Energy balance

The most general means of evaluating whether or not a simulation is producing an appropriate quasi-static response involves studying the various model energies. The following is the energy balance equation in Abaqus/Explicit:

EI+EV+EFD+EKE+EIHE-EW-EPW-ECW-EMW-EHF=Etotal=constant,
where EI is the internal energy, EV is the viscous energy dissipated, EFD is the frictional energy dissipated, EKE is the kinetic energy, EIHE is the internal heat energy, EW is the work done by the externally applied loads, and EPW, ECW, and EMW are the work done by contact penalties, by constraint penalties, and by propelling added mass, respectively. EHF is the external heat energy through external fluxes. The sum of these energy components is Etotal, which should be constant. In the numerical model Etotal is only approximately constant, generally with an error of less than 1%.

To illustrate energy balance with a simple example, consider the uniaxial tensile test shown in Figure 1.

Figure 1. Uniaxial tensile test.

The energy history for the quasi-static test would appear as shown in Figure 2.

Figure 2. Energy history for quasi-static tensile test.

If a simulation is quasi-static, the work applied by the external forces is nearly equal to the internal energy of the system. The viscously dissipated energy is generally small unless viscoelastic materials, discrete dashpots, or material damping are used. We have already established that the inertial forces are negligible in a quasi-static analysis because the velocity of the material in the model is very small. The corollary to both of these conditions is that the kinetic energy is also small. As a general rule the kinetic energy of the deforming material should not exceed a small fraction (typically 5% to 10%) of its internal energy throughout most of the process.
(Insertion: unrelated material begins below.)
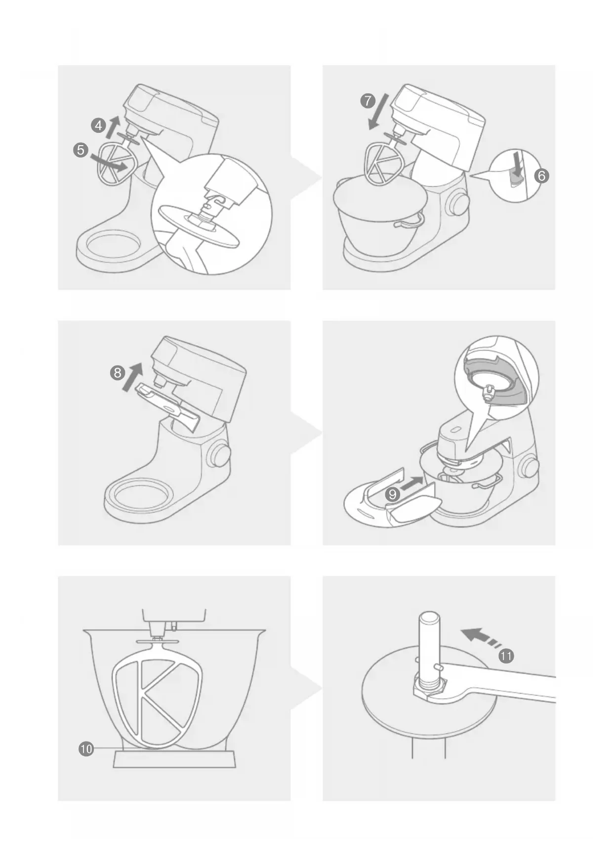 - During mixing, ingredients can be added directly to the bowl via the feed chute. 6 To remove the splashguard simply slide it away from the mixer bowl. 7 To remove the head shield, raise the mixer head until it locks. Remove the tool if fitted, then pull the head shield downwards from the underside of the mixer head. Note: Only fit or remove the splashguard when the mixer head is in the locked position. We recommend that the head shield is removed regularly from the mixer head for cleaning. K-beater & Whisk The tools are set to the correct height for the bowl supplied in the factory and should not require adjustment. However, if you wish to adjust the tool use a suitable sized spanner: TYPE KQC51 = 15mm TYPE KQL61 = 19mm Then follow the instructions below: 1 Unplug the appliance. 2 Raise the mixer head and insert the whisk or beater. 3 Lower the mixer head. If the clearance needs to be adjusted, raise the mixer head and remove the tool. Ideally the whisk and K-beater should be almost touching the bottom of the bowl

When comparing the energies, remember that Abaqus/Explicit reports a global energy balance, which includes the kinetic energy of any rigid bodies with mass. Since only the deformable bodies are of interest when evaluating the results, the kinetic energy of the rigid bodies should be subtracted from Etotal when evaluating the energy balance.

For example, if you are simulating a transport problem with rolling rigid dies, the kinetic energy of the rigid bodies may be a significant portion of the total kinetic energy of the model. In such cases you must subtract the kinetic energy associated with rigid body motions before a meaningful comparison with internal energy can be made.